(EXTRACTED MATERIAL begins)
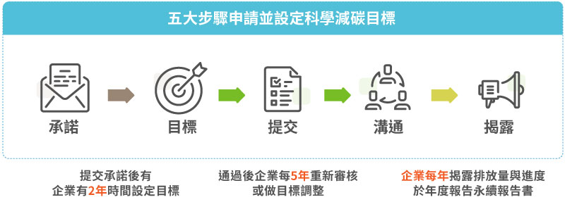 依據SBTi最新審核規範,企業可依循申請流程五大步驟,設定SBTi科學化減碳目標:
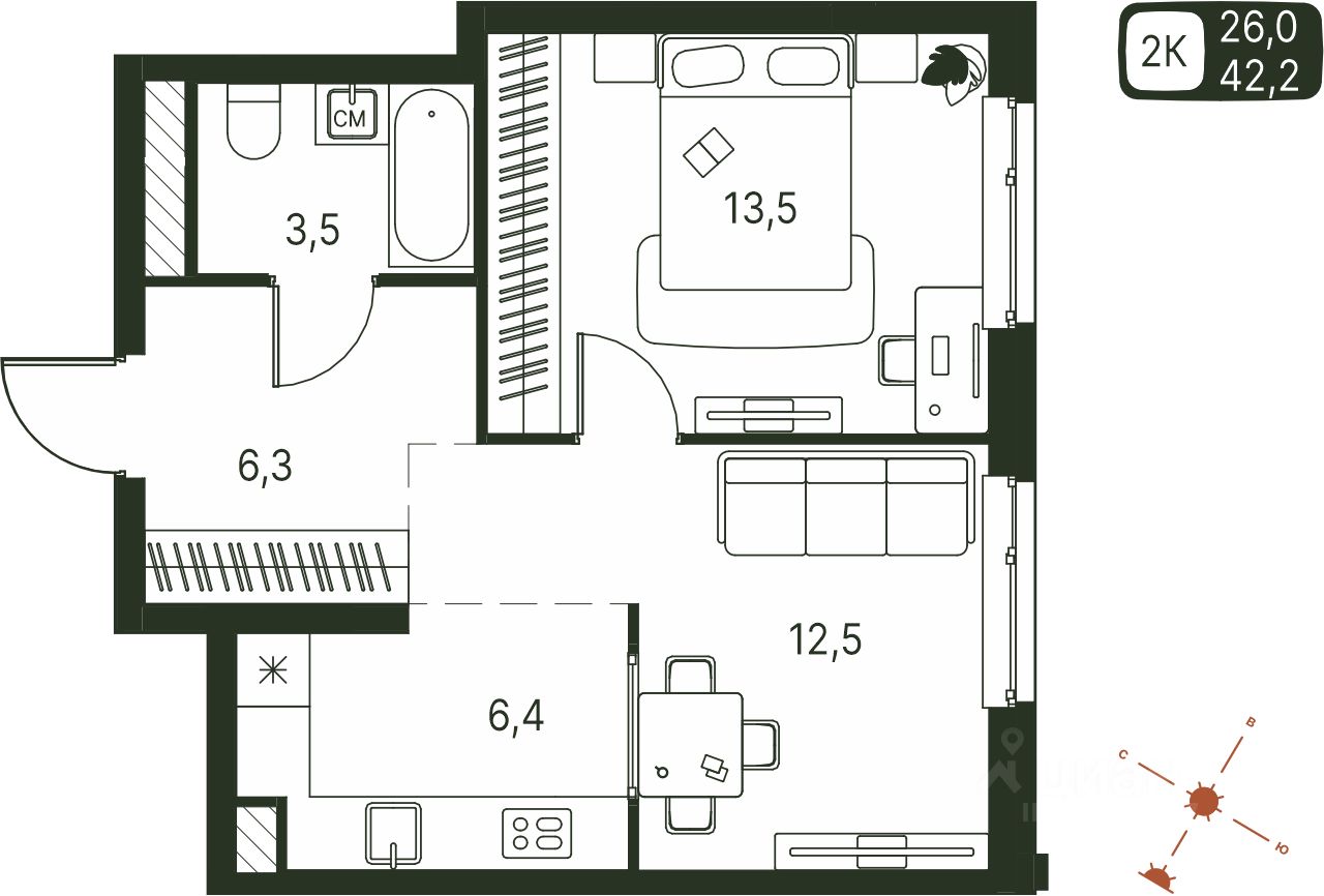 Продаётся студия в строящемся доме (Серебристая, 1), срок сдачи: IV-кв. 2027, общей площадью 42.2 кв.м., на 2 этаже. Теплые кварталы ''Погода'' — это новый грандиозный проект от создателя Спортивного микрорайона ''Ива'', федерального застройщика ''Девелопмент-Юг'' .
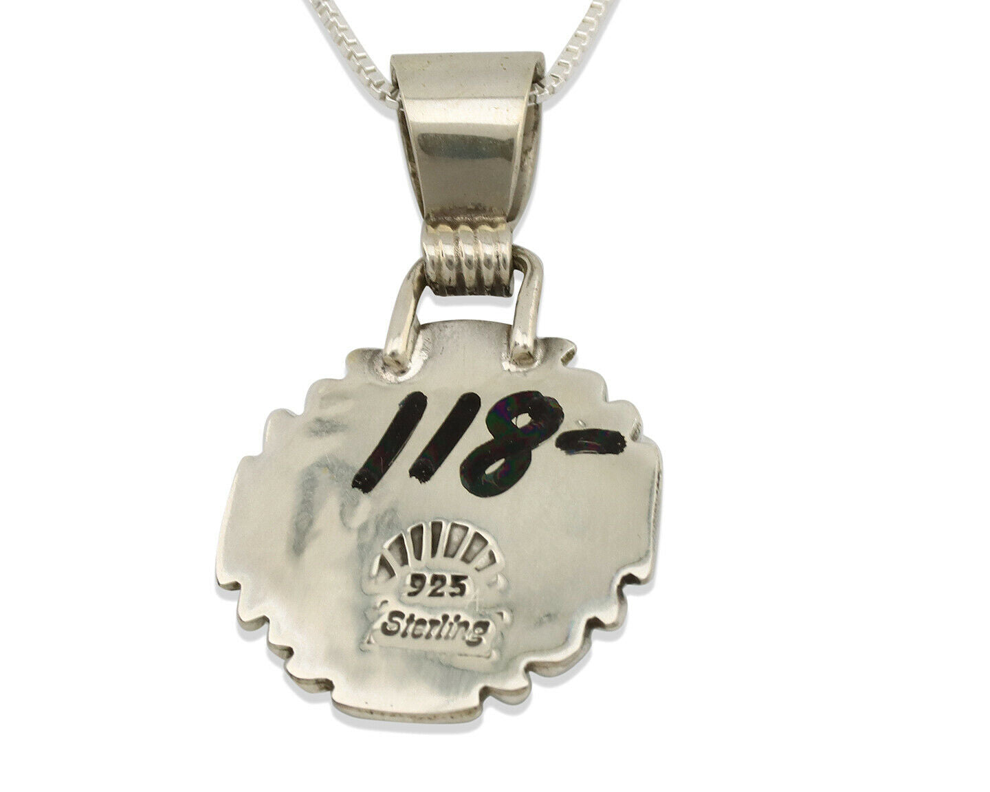 Navajo Necklace .925 Silver Green Variscite Signed Sun C.80's
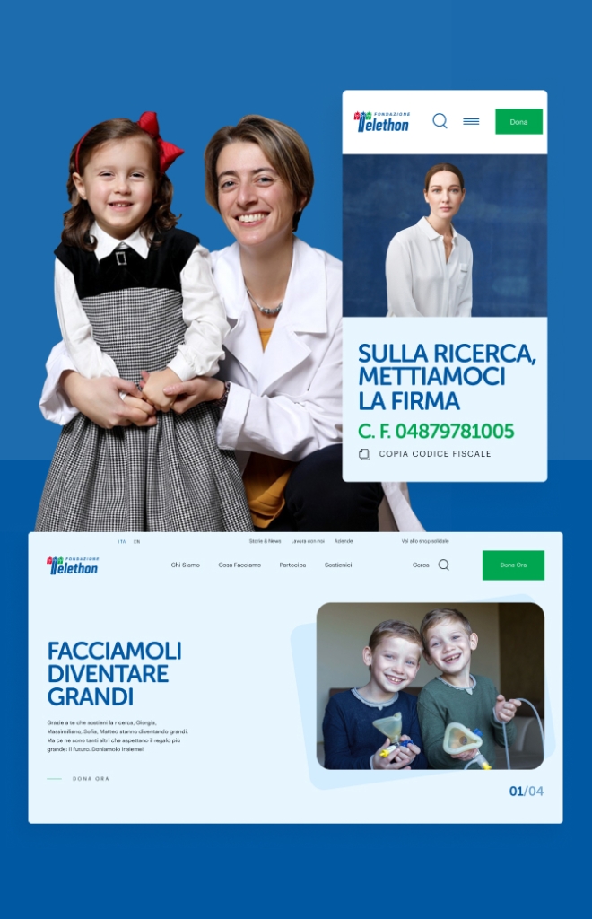 L’obiettivo principale è stato razionalizzare una vasta gamma di contenuti per diversi target. Il sito ora offre percorsi di navigazione personalizzati e contenuti correlati per i principali visitatori come ricercatori, pazienti, donatori, volontari, scuole e aziende. Il cuore tecnologico ottimizza i caricamenti e velocizza l’esperienza utente, mentre una griglia visiva moderna e accattivante ha aiutato ad enfatizzare l’immagine del brand per consentire un racconto unico ed emozionale.
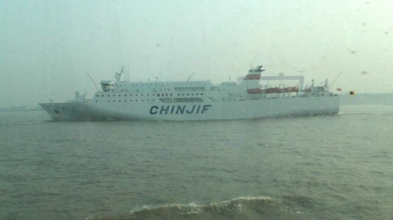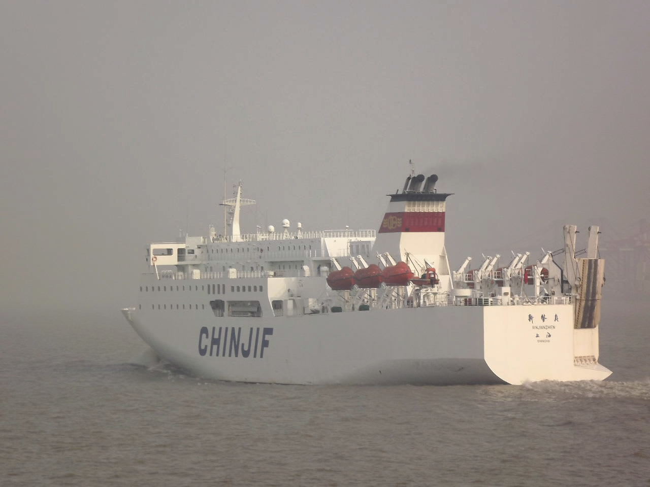 上海の中心部を流れる黄浦江川との交流点を過ぎた頃、キャビンに戻ると、船の後より白く早い船が追いかけてくる。国際ターミナル停泊していた上海⇔神戸 定期フェリー「新鍳真」号だ。
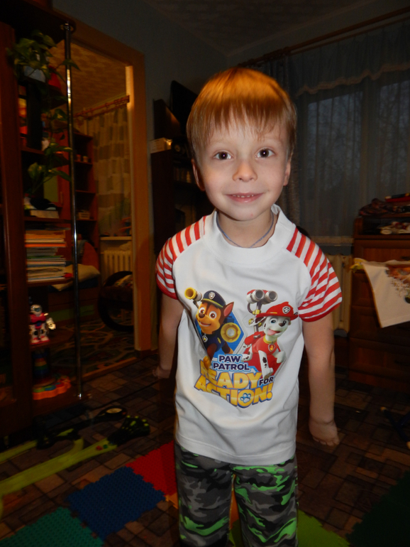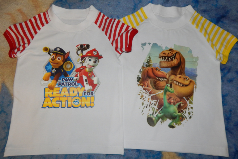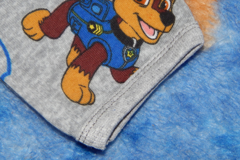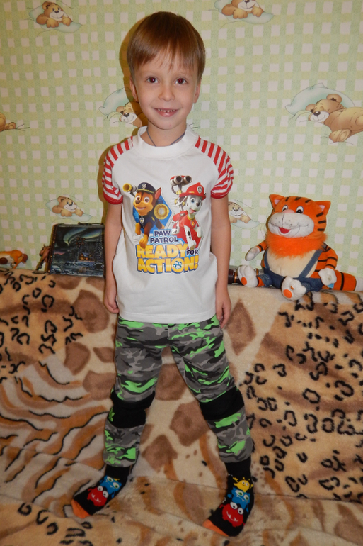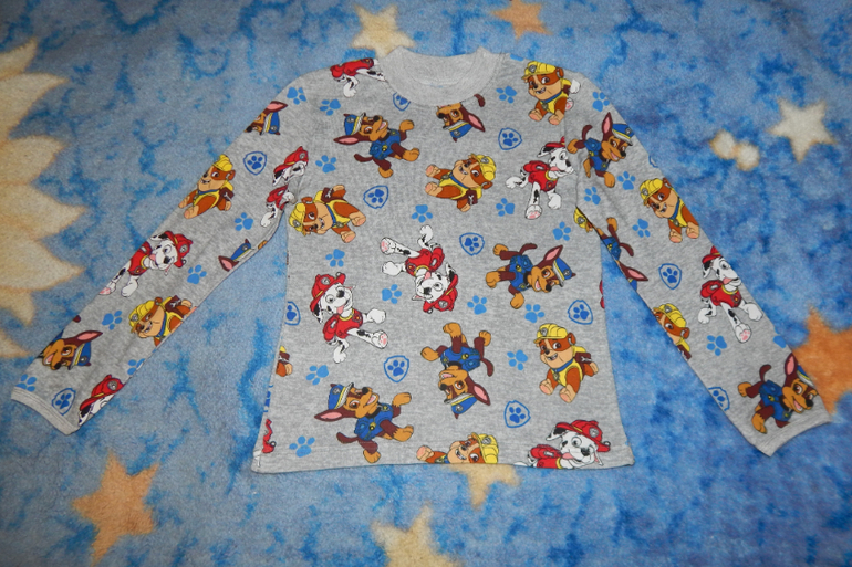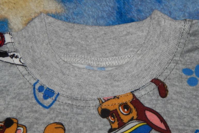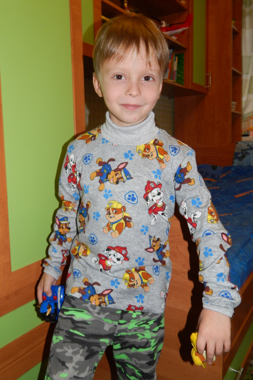 4) Водолазка из рибаны-ластика. За основу взята выкройка футболки Отто 2011-3, модель 19. Рукав заужен и дорисован до нужной длины. Ворот из рибаны с лайкрой. Щенячий патруль рулит, щенячий патруль везде, только трусов с щенками у нас пока еще нет
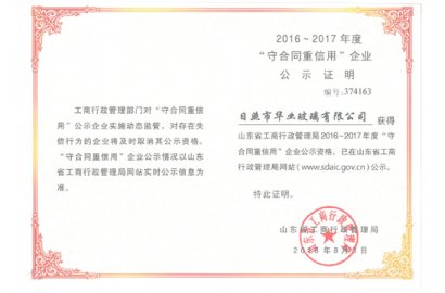 祝賀我公司獲得2016-2017年度省級“守合同重信用企業”。
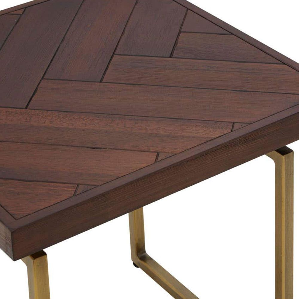 Item Code: 2405037 The Brando side table is a visually captivating combination of acacia wood veneer and antique brass. This side table has a minimalist profile having a sleek acacia wood veneer top and a herringbone engraving on it. The frame of the table comes in an antique brass finish that complements the dark tone of acacia wood veneer.
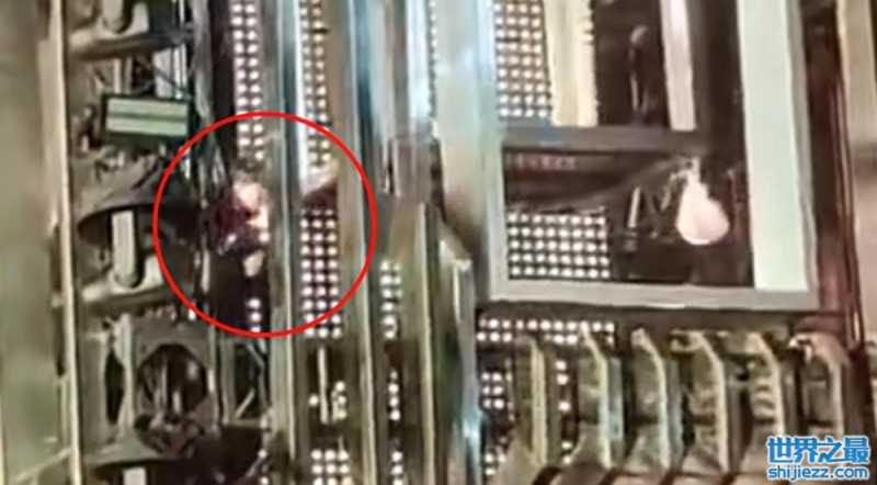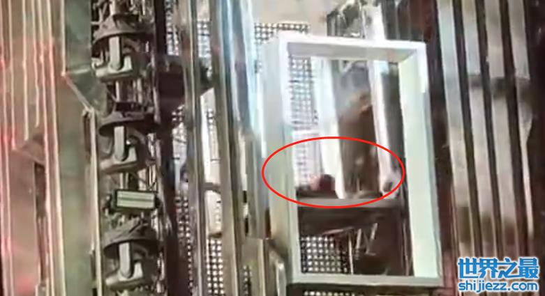 视频里,打扮华丽的张杰原本站在高空中的电梯里唱歌,没想到电梯不知因何突然下降,张杰重心不稳直接重重摔在了地上,放慢视频速度可见其惊心程度。
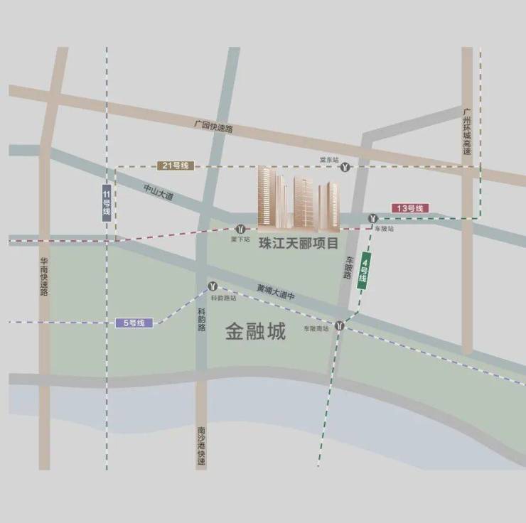 ⭐3条主干道中山大道丨黄埔大道丨科韵路⭐4条城市高速广州环城高速丨华南快速干线丨广园快速路丨南沙港快速⭐5条地铁线环绕4号线丨5号线丨11号线丨13号线丨21号线⭐20万㎡金融城站交通枢纽🚆整合广州两大重要交通枢纽——广州南站、广州白云机场。从金融城站到广州南站仅需10分钟,到白云机场仅需20分钟🛫金融城专属值机大厅,方便旅客提前办理值机手续,出行无缝连接;🚇容纳4地铁(4、5、13、25号线)+3新型交通线+1城轨(广佛环线),一站即可通全城!
(EXTRACTED MATERIAL ends)
● **WHAT IS REQUIRED**:
Images are not part of the copy. Everything else in the records must be reproduced exactly.

● **EXERCISE SOLUTION**:
 依據SBTi最新審核規範,企業可依循申請流程五大步驟,設定SBTi科學化減碳目標:
 Продаётся студия в строящемся доме (Серебристая, 1), срок сдачи: IV-кв. 2027, общей площадью 42.2 кв.м., на 2 этаже. Теплые кварталы ''Погода'' — это новый грандиозный проект от создателя Спортивного микрорайона ''Ива'', федерального застройщика ''Девелопмент-Юг'' .
 Navajo Necklace .925 Silver Green Variscite Signed Sun C.80's
 L’obiettivo principale è stato razionalizzare una vasta gamma di contenuti per diversi target. Il sito ora offre percorsi di navigazione personalizzati e contenuti correlati per i principali visitatori come ricercatori, pazienti, donatori, volontari, scuole e aziende. Il cuore tecnologico ottimizza i caricamenti e velocizza l’esperienza utente, mentre una griglia visiva moderna e accattivante ha aiutato ad enfatizzare l’immagine del brand per consentire un racconto unico ed emozionale.
 上海の中心部を流れる黄浦江川との交流点を過ぎた頃、キャビンに戻ると、船の後より白く早い船が追いかけてくる。国際ターミナル停泊していた上海⇔神戸 定期フェリー「新鍳真」号だ。
 4) Водолазка из рибаны-ластика. За основу взята выкройка футболки Отто 2011-3, модель 19. Рукав заужен и дорисован до нужной длины. Ворот из рибаны с лайкрой. Щенячий патруль рулит, щенячий патруль везде, только трусов с щенками у нас пока еще нет
 祝賀我公司獲得2016-2017年度省級“守合同重信用企業”。
 Item Code: 2405037 The Brando side table is a visually captivating combination of acacia wood veneer and antique brass. This side table has a minimalist profile having a sleek acacia wood veneer top and a herringbone engraving on it. The frame of the table comes in an antique brass finish that complements the dark tone of acacia wood veneer.
 视频里,打扮华丽的张杰原本站在高空中的电梯里唱歌,没想到电梯不知因何突然下降,张杰重心不稳直接重重摔在了地上,放慢视频速度可见其惊心程度。
 ⭐3条主干道中山大道丨黄埔大道丨科韵路⭐4条城市高速广州环城高速丨华南快速干线丨广园快速路丨南沙港快速⭐5条地铁线环绕4号线丨5号线丨11号线丨13号线丨21号线⭐20万㎡金融城站交通枢纽🚆整合广州两大重要交通枢纽——广州南站、广州白云机场。从金融城站到广州南站仅需10分钟,到白云机场仅需20分钟🛫金融城专属值机大厅,方便旅客提前办理值机手续,出行无缝连接;🚇容纳4地铁(4、5、13、25号线)+3新型交通线+1城轨(广佛环线),一站即可通全城!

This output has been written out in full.